The merger between Sony Pictures Networks Pvt. and Zee Entertainment Enterprises Ltd. will focus on expanding viewership by leveraging the combined reach of both the networks, Punit Goenka said.
“Primary objective would be growing overall business,” the chief executive officer and managing director of Zee Entertainment said on a call with analysts on Tuesday. “Whether the focus would be digital or sports genre will be decided by the new board of the merged company.”
Goenka said with Sony and Zee having varied offerings, a decision on shutting down some channels would be made by the new board. “There’s an opportunity to invest in digital and sports side,” he said, adding the overlaps are largely in the Hindi-speaking market and in the movie segment.
Zee Network exited the sports business five years ago, when it sold Ten Sports network to Sony.

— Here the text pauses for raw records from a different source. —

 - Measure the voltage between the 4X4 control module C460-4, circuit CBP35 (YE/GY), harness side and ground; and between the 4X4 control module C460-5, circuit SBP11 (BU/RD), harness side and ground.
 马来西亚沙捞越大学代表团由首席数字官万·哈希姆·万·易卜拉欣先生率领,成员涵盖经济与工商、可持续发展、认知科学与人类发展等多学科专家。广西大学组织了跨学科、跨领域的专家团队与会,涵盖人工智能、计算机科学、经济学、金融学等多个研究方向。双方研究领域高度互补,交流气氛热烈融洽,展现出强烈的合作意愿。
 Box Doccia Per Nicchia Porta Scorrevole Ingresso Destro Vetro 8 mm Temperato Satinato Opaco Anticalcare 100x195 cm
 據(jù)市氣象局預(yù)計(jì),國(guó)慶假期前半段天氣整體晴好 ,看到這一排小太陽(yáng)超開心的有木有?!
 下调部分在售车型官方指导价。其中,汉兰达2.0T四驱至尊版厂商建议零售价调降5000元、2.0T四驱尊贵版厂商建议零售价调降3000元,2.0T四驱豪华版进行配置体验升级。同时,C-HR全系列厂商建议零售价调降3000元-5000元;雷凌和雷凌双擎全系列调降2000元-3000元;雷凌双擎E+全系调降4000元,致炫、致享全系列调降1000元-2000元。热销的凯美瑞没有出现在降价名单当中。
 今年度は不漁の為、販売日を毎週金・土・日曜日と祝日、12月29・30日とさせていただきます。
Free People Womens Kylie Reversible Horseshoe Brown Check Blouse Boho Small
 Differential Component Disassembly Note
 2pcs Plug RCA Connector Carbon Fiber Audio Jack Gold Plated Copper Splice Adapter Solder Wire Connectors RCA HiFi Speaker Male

After the merger, Ten Sports will be back in the new, combined entity.
As part of the merger, Sony Corp. will bring in $1.5 billion, which will give the Japanese entertainment behemoth a majority in the merged entity with its stake going past 50% after the amalgamation.
“We’ll maintain the return on capital we will have and invest accordingly,” Goenka said, without elaborating on plans to deploy the funds at this stage.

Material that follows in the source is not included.